A. Joe won a lottery jackpot that will pay him $12,000 each year for the next ten years. If the market interest rates are currently 12%, how much does the lottery have to invest today to pay out this prize to Joe over the next ten years?
B. Mary just deposited $33,000 in an account paying 10% interest. She plans to leave the money in this account for seven years. How much will she have in the account at the end of the seventh year?
C. Mary and Joe would like to save up $10,000 by the end of three years from now to buy new furniture for their home. They currently have $2500 in a savings account set aside for the furniture. They would like to make equal year end deposits to this savings account to pay for the furniture when they purchase it three years from now. Assuming that this account pays 8% interest, how much should the year end payments be?

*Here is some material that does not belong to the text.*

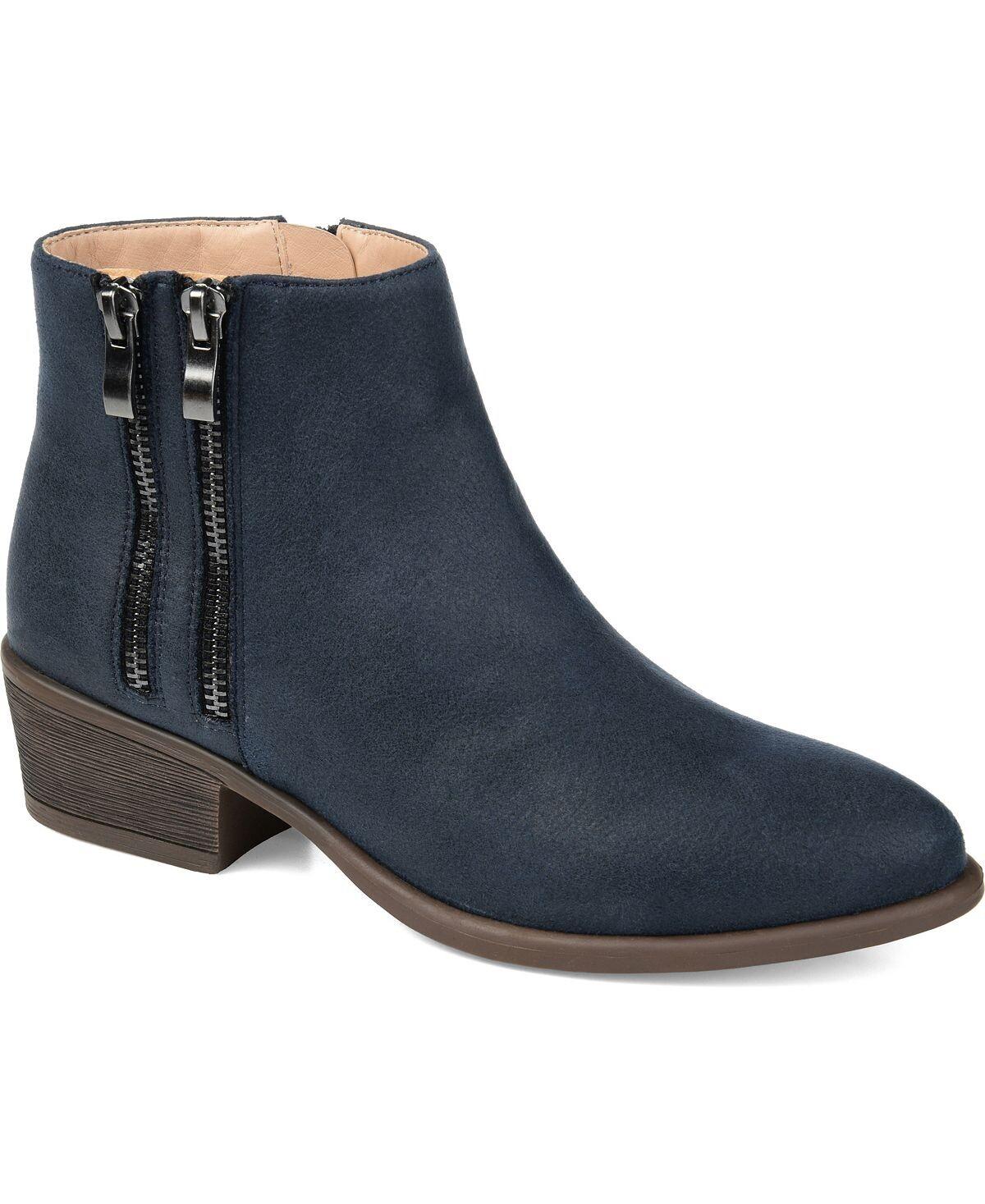 Сезон не закончится без ботинок Jayda от Journee Collection. Эти ботильоны из веганской замши с потертостями украшены двойной вертикальной молнией на внешней стороне ботильонов. Миндалевидный носок и идеальная высота каблука завершают этот дизайн.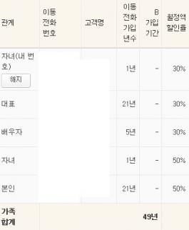 아버지 혼자 42년 5년짜리 제회선 어머니로 명의변경하고 제회선 온가족으로 넣고 아주 꽉꽉 꾸겨서넣었네요 ㅎㅎㅎ 인터넷없이 핸드폰회선만 가지고 만들어진 ㄷㄷㄷㄷ

These questions are so outdated, that they're laughable.
Market interest rates at 12%?? What market is that? The market just went down drastically.
Where is Mary getting 10% interest on an account? My savings account barely pays 1%.
If Mary and Joe want $10,000 in three years, they'd better add at least $2,200 a year for the next three years.
Well I guess I came to the wrong place for help. If you didn't know how to answer it maybe you shouldn't have bothered to reply. Oh, and I think that it was pretty obvious that the problems were outdated.
A. To determine how much the lottery has to invest today, we need to calculate the present value of the future cash flows. The formula for present value is:
PV = CF / (1 + r)^n
Where PV is the present value, CF is the cash flow per year, r is the interest rate, and n is the number of years.
In this case, CF is $12,000, r is 12% (0.12), and n is 10.
Plugging in the values, we get:
PV = $12,000 / (1 + 0.12)^10
Simplifying the equation, we have:
PV = $12,000 / (1.12)^10
Using a calculator or spreadsheet, we can evaluate the expression and find that the present value is approximately $38,149.97. Therefore, the lottery needs to invest approximately $38,149.97 today to pay out the prize to Joe over the next ten years.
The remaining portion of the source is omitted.